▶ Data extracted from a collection

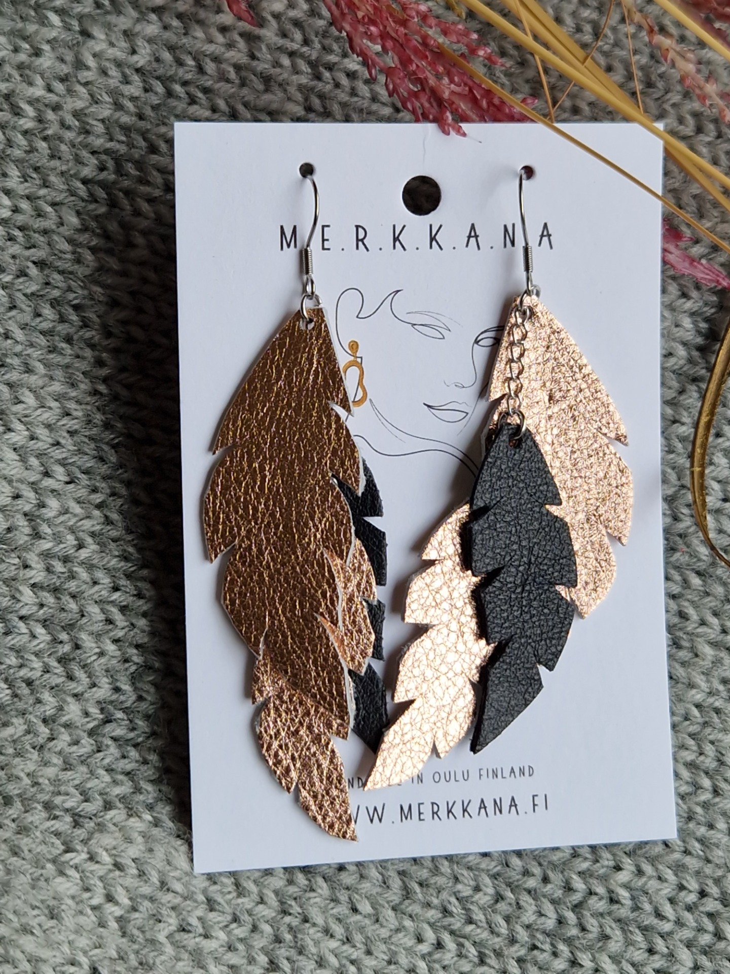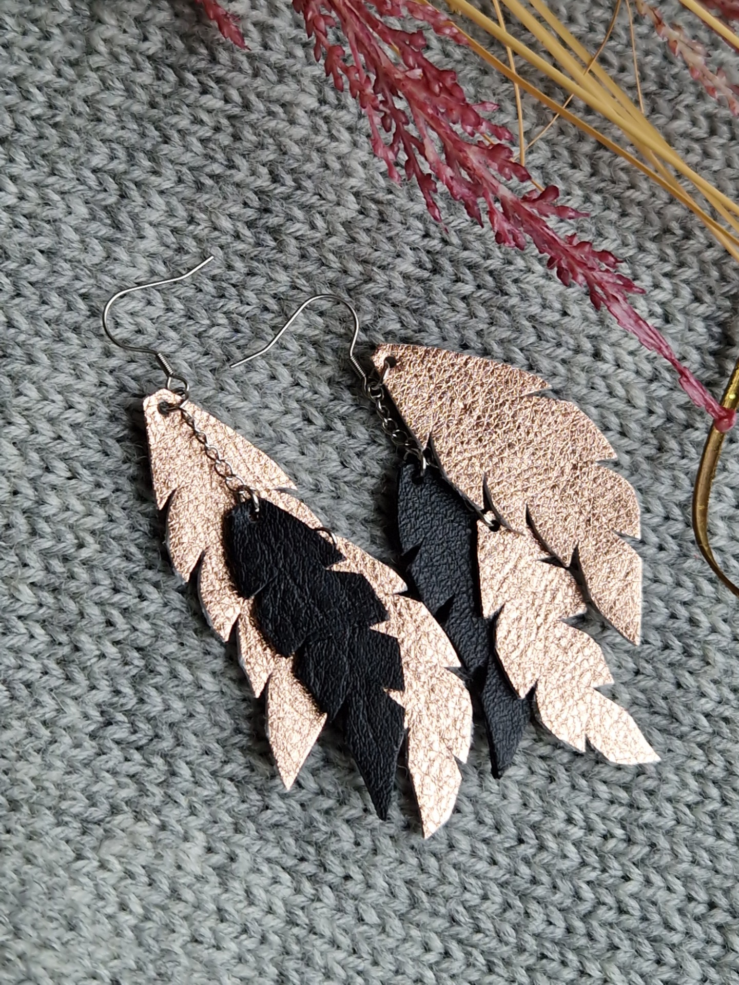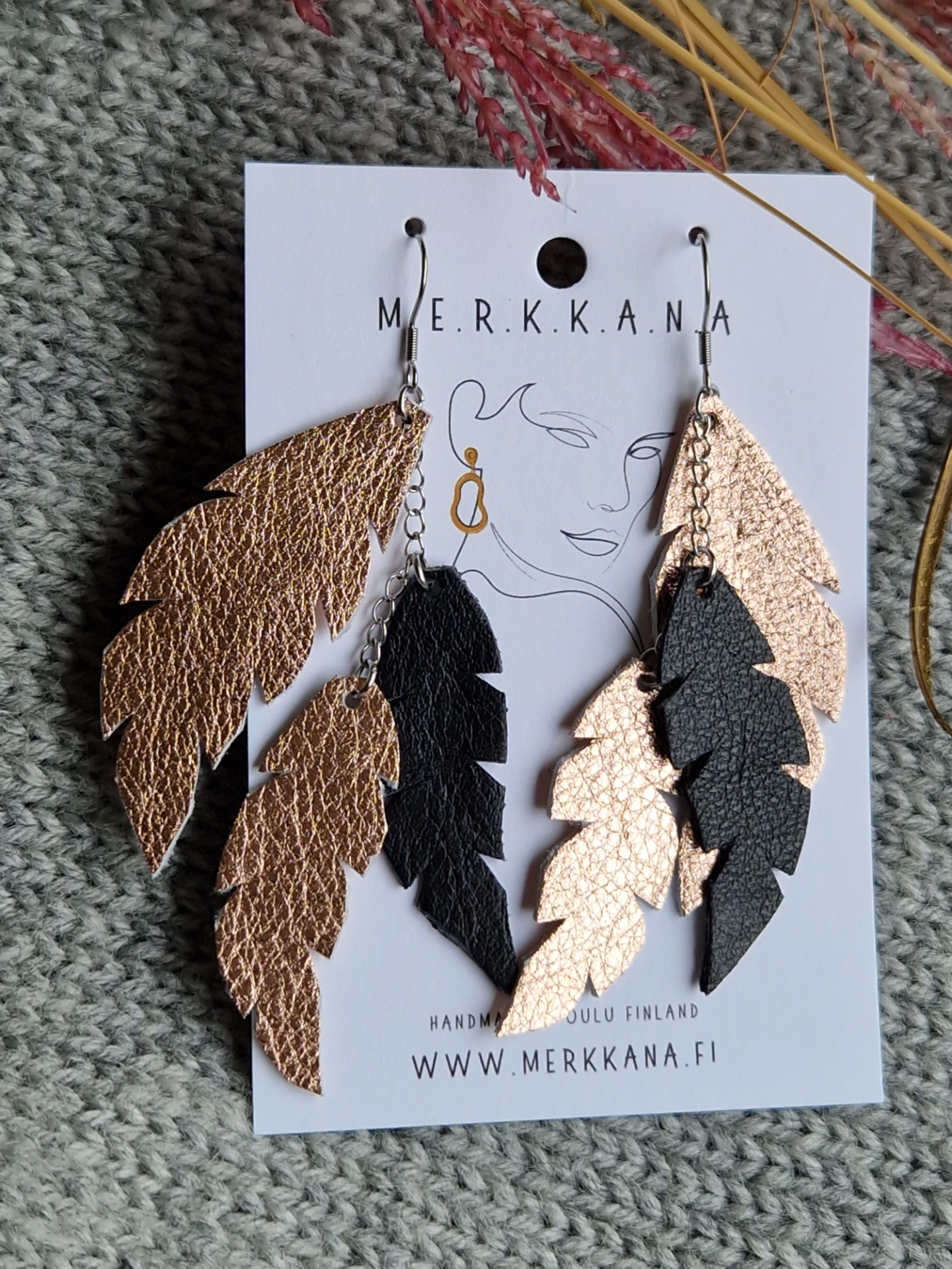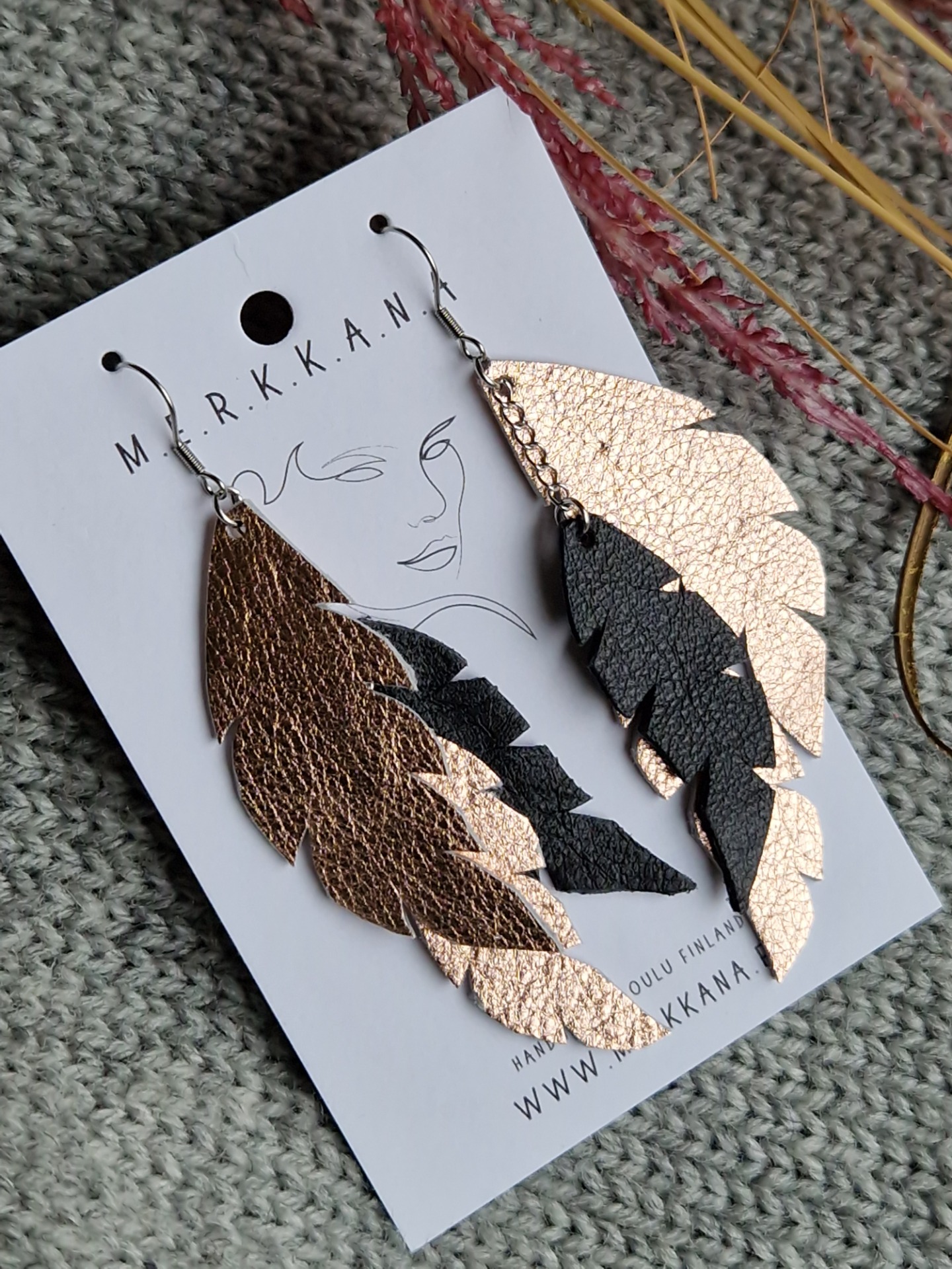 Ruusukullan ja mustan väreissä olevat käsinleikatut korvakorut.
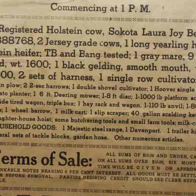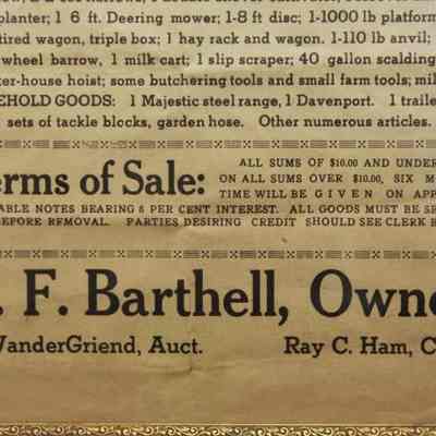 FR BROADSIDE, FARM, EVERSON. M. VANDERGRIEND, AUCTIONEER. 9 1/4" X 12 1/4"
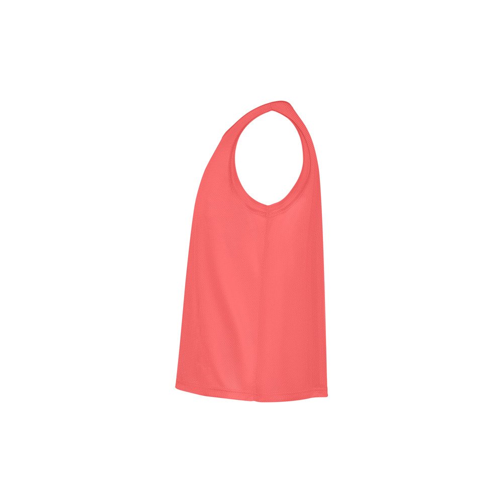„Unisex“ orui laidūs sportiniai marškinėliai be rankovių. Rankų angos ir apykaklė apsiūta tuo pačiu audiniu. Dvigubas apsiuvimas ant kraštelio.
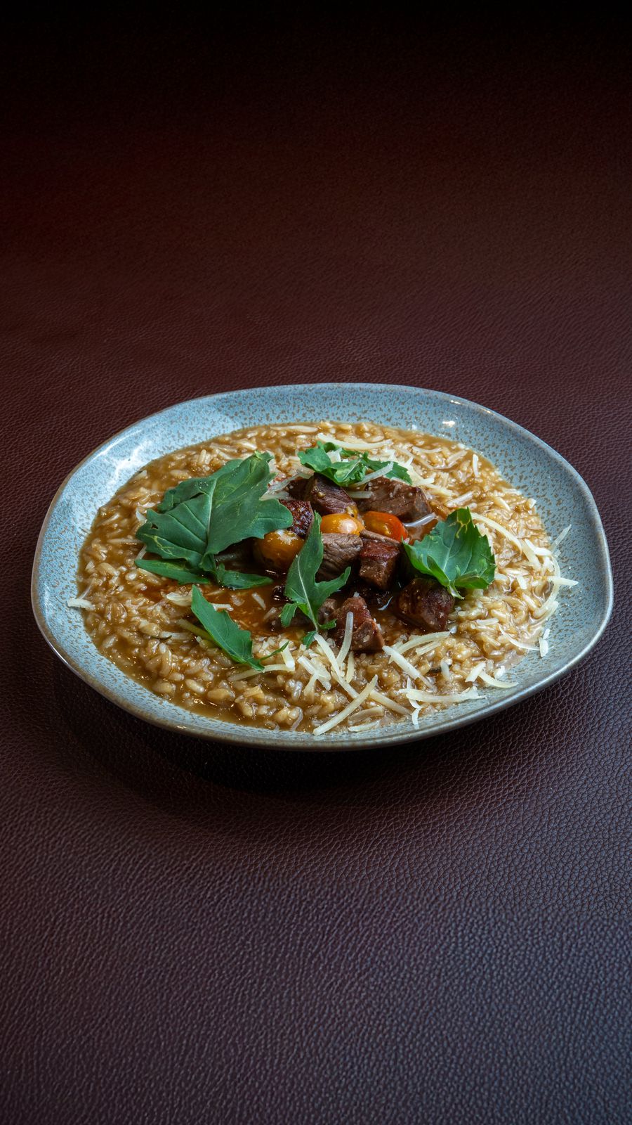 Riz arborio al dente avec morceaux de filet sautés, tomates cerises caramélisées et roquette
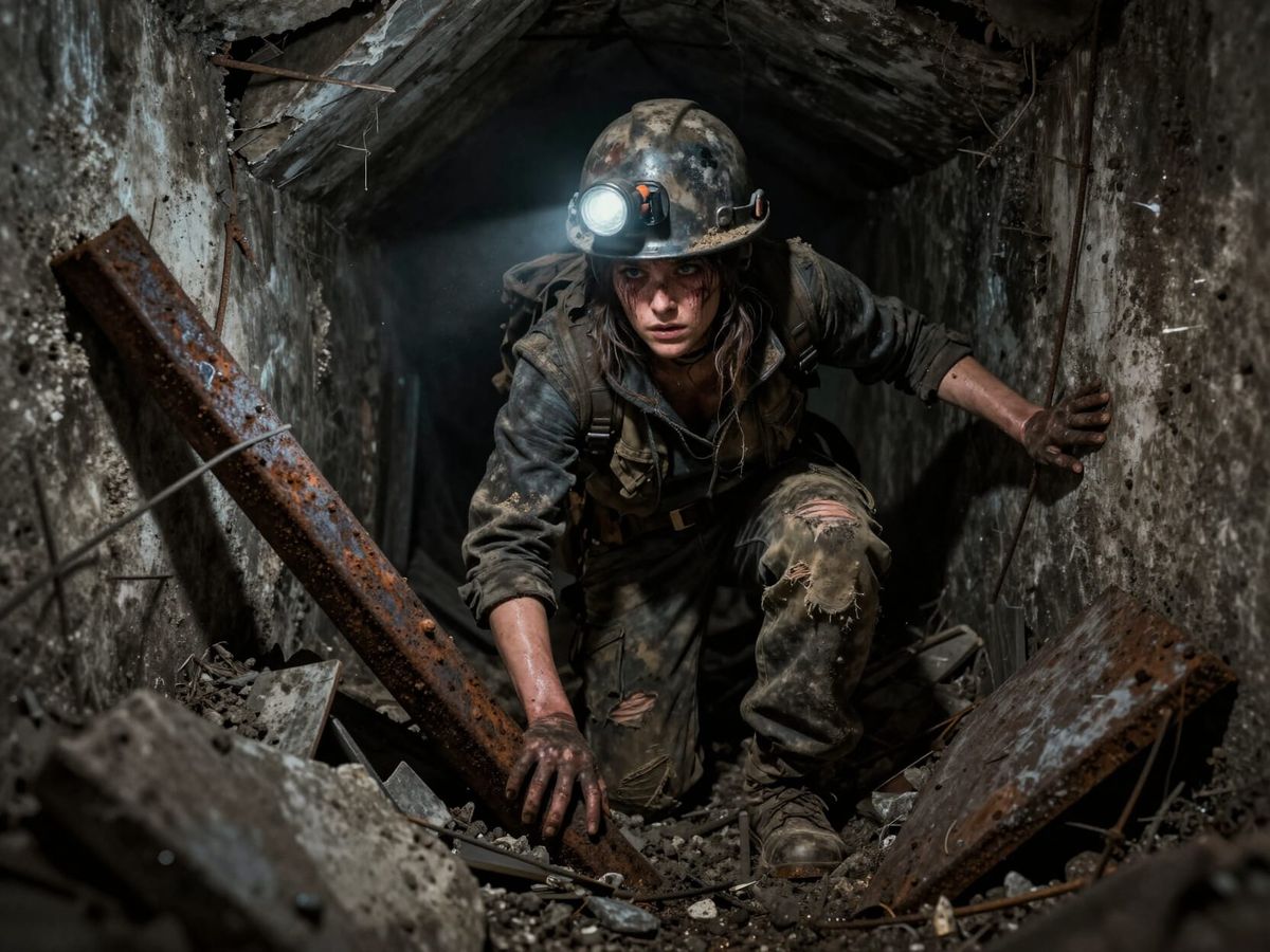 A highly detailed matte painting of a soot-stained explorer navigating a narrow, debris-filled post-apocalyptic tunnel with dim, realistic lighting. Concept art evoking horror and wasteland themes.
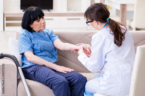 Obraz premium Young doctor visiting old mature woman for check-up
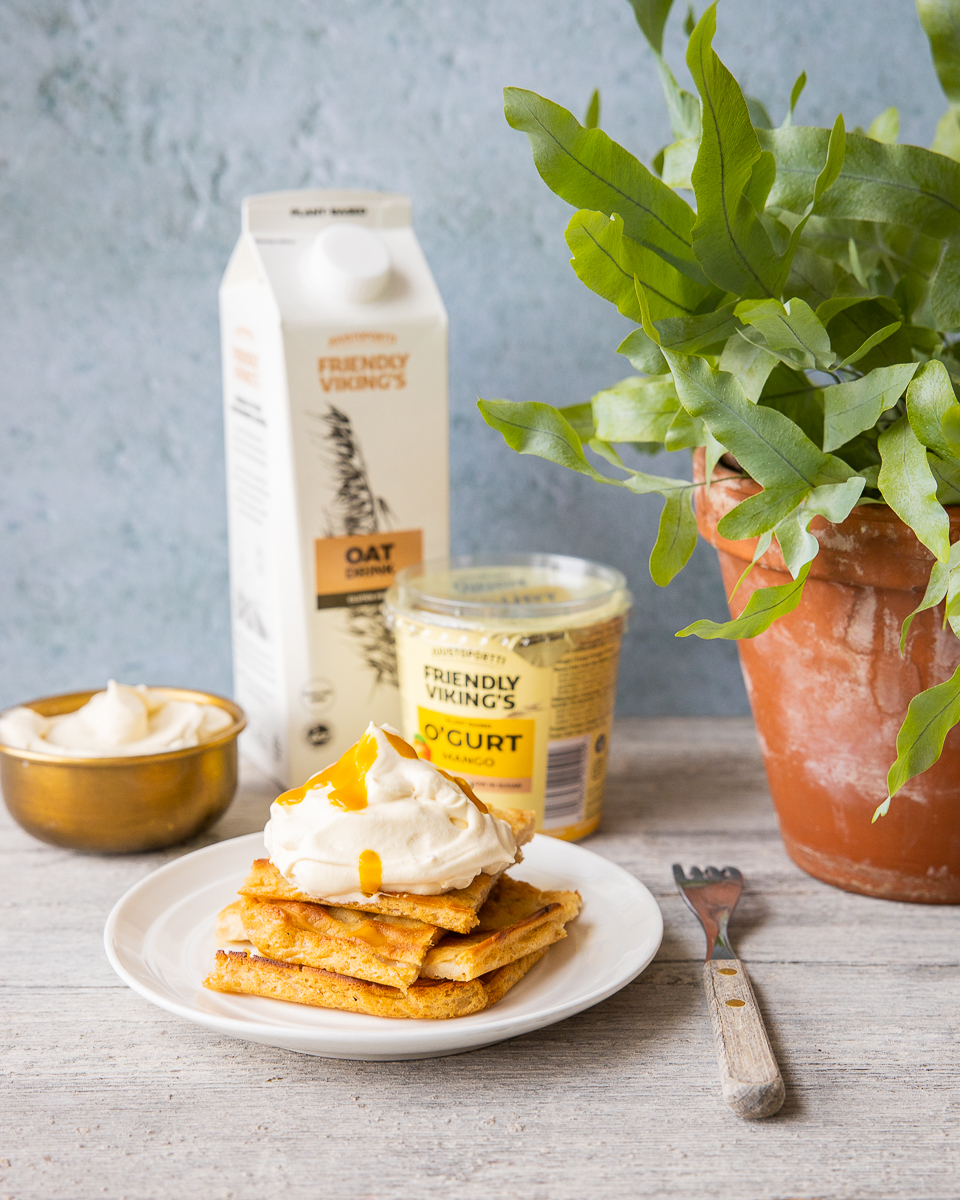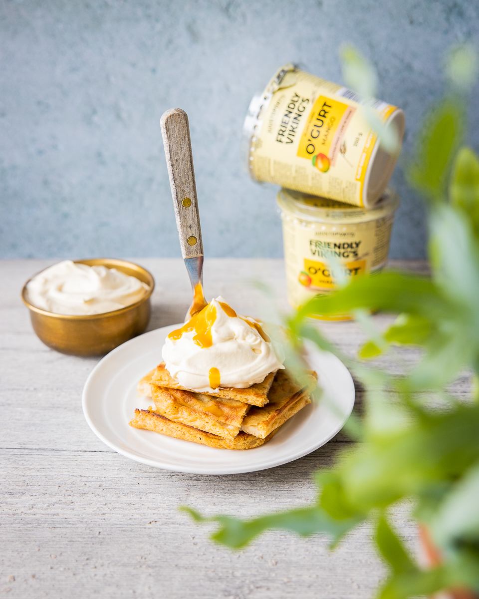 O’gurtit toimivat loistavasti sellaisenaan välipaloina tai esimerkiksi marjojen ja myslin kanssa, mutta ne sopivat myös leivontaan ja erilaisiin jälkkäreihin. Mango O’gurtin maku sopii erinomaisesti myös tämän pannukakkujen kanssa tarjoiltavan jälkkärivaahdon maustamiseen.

▶ Exercise
Write out the records above exactly as they appear, leaving out any pictures.

▶ Answer below
 Ruusukullan ja mustan väreissä olevat käsinleikatut korvakorut.
 FR BROADSIDE, FARM, EVERSON. M. VANDERGRIEND, AUCTIONEER. 9 1/4" X 12 1/4"
„Unisex“ orui laidūs sportiniai marškinėliai be rankovių. Rankų angos ir apykaklė apsiūta tuo pačiu audiniu. Dvigubas apsiuvimas ant kraštelio.
 Riz arborio al dente avec morceaux de filet sautés, tomates cerises caramélisées et roquette
 A highly detailed matte painting of a soot-stained explorer navigating a narrow, debris-filled post-apocalyptic tunnel with dim, realistic lighting. Concept art evoking horror and wasteland themes.
 Obraz premium Young doctor visiting old mature woman for check-up
 O’gurtit toimivat loistavasti sellaisenaan välipaloina tai esimerkiksi marjojen ja myslin kanssa, mutta ne sopivat myös leivontaan ja erilaisiin jälkkäreihin. Mango O’gurtin maku sopii erinomaisesti myös tämän pannukakkujen kanssa tarjoiltavan jälkkärivaahdon maustamiseen.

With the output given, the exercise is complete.